Anyhow, saturday I spent removing the headpipes, and used a 1/4" X 12" long drill bit and a 3/4" flat wood boring type drill bit with an extension. I first drilled a bunch of holes with the 1/4" bit, then followed with the flat wood bit and drilled the center of the catalysts and then used a long handled flat screwdriver to chisel/chop/pry/scrape the rest of it out of the cores. It actually went pretty easy. The wood drill bit actually grabbed hold of the corrugated core and quickly twisted it up and ripped right through, and broke apart into chunks and I was able to shake it out. Then I used the long screwdriver to chop out the rest that was still attatched to the inside of the pipe walls.

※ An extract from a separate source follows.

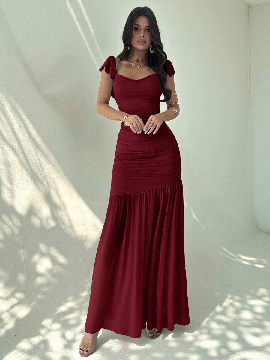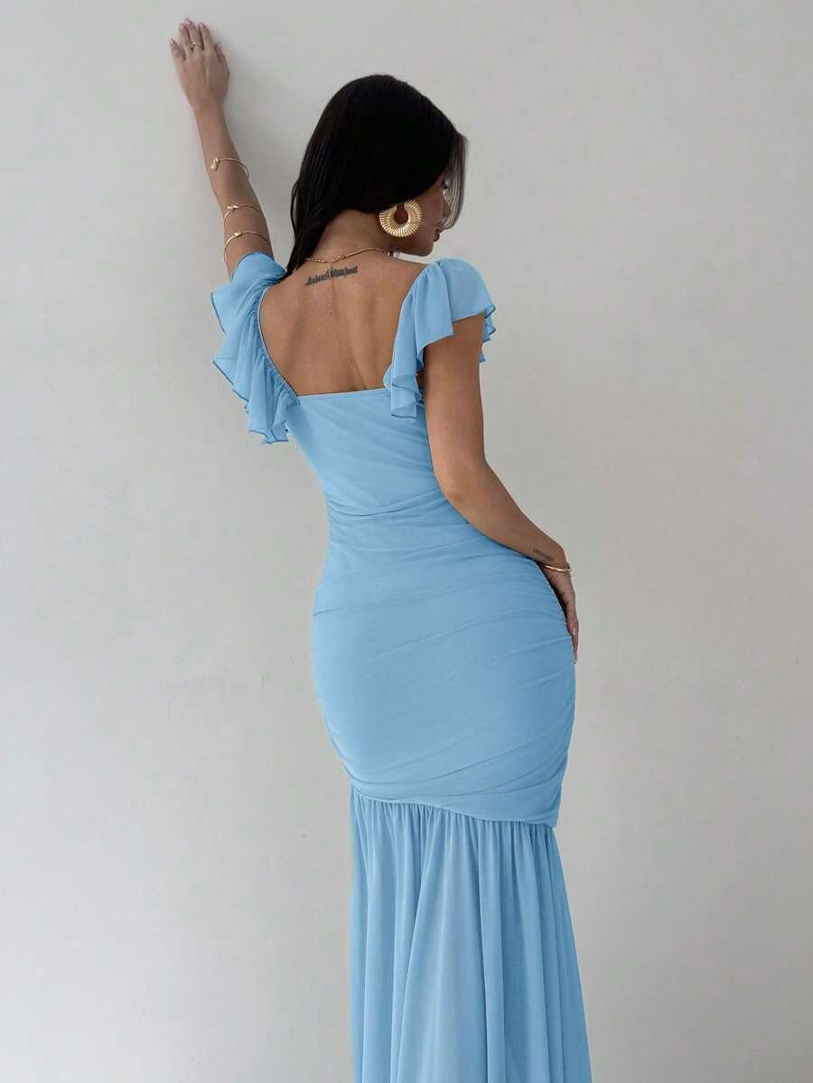 Vestido ajustado con volantes en el bajo, cintura anudada y malla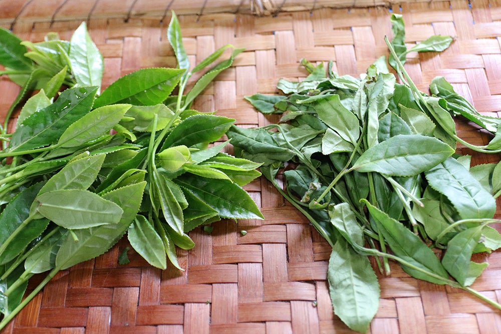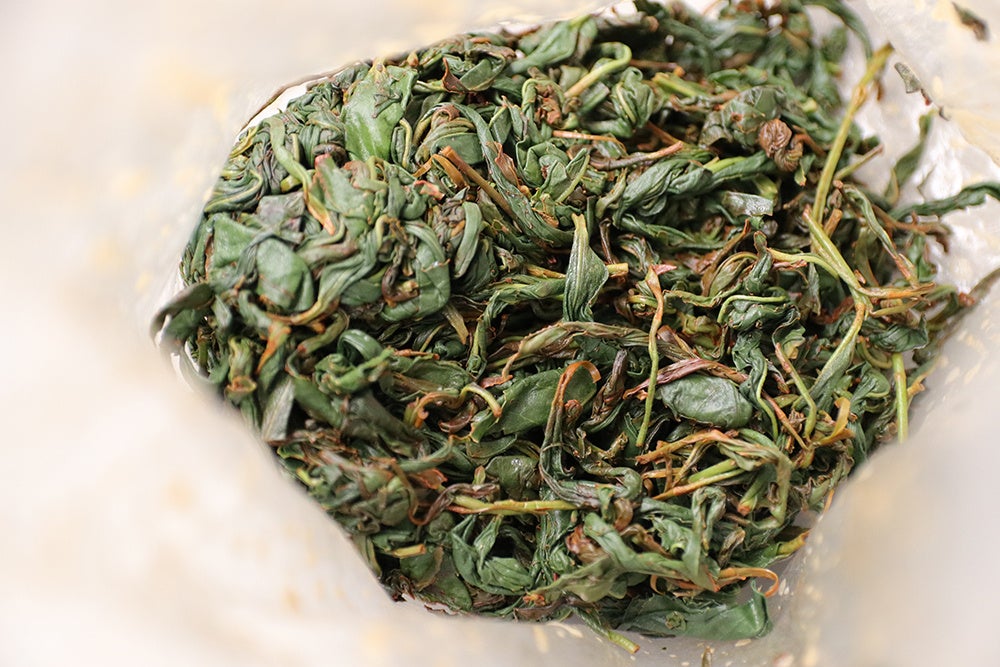 萎凋前の生葉と比べると、水分が抜け萎れている様子がよくわかります(写真右)。

Again, it was'nt as time consuming and difficult as I thought it would be, the left pipe is a piece of cake as the core is close to the end of the pipe, the right side was the one I figured would be a chore due to the length and angle of the pipe past the core. Not so, the drill bit ripped it up and apart quickly.
Took it out for a good ride today, and the engine seems to pull stronger than before from 5000rpm up where as before it was around 6000rpm and up. Did'nt notice any decrease on the low end, or up top. No popping on deceleration, no flat spots or surging etc. The biggest thing I've noticed is that there is a very noticable change in the speed in which the engine revs out. It revs noticably quicker, without a doubt. (43,000+ miles of ownership...one knows when theres a change!!)
I'm running a Power Commander (with the factory upgrade map) with my custom K&N air filter with modified airbox, with the Sebrings w/baffles in. I'll be taking apart the silencers so I can remove the discs welded inside the core (the baffles are centered within these discs, and when you run without the baffles, the exhaust flows through the small hole in the disc....and it affects the sound, kind of a hollow poofy slightly puffy sound at idle and lower rpm's that I don't care for. I want to run them truely open like other aftermarket silencers, and put the bike on a dyno and get the mapping spot on for everything. As soon as I pull the head and do som pocket porting, and serious work on the short side radius, then it's off to the DucShop in Atlanta, GA for mapping.
Glad I finally yanked them things out!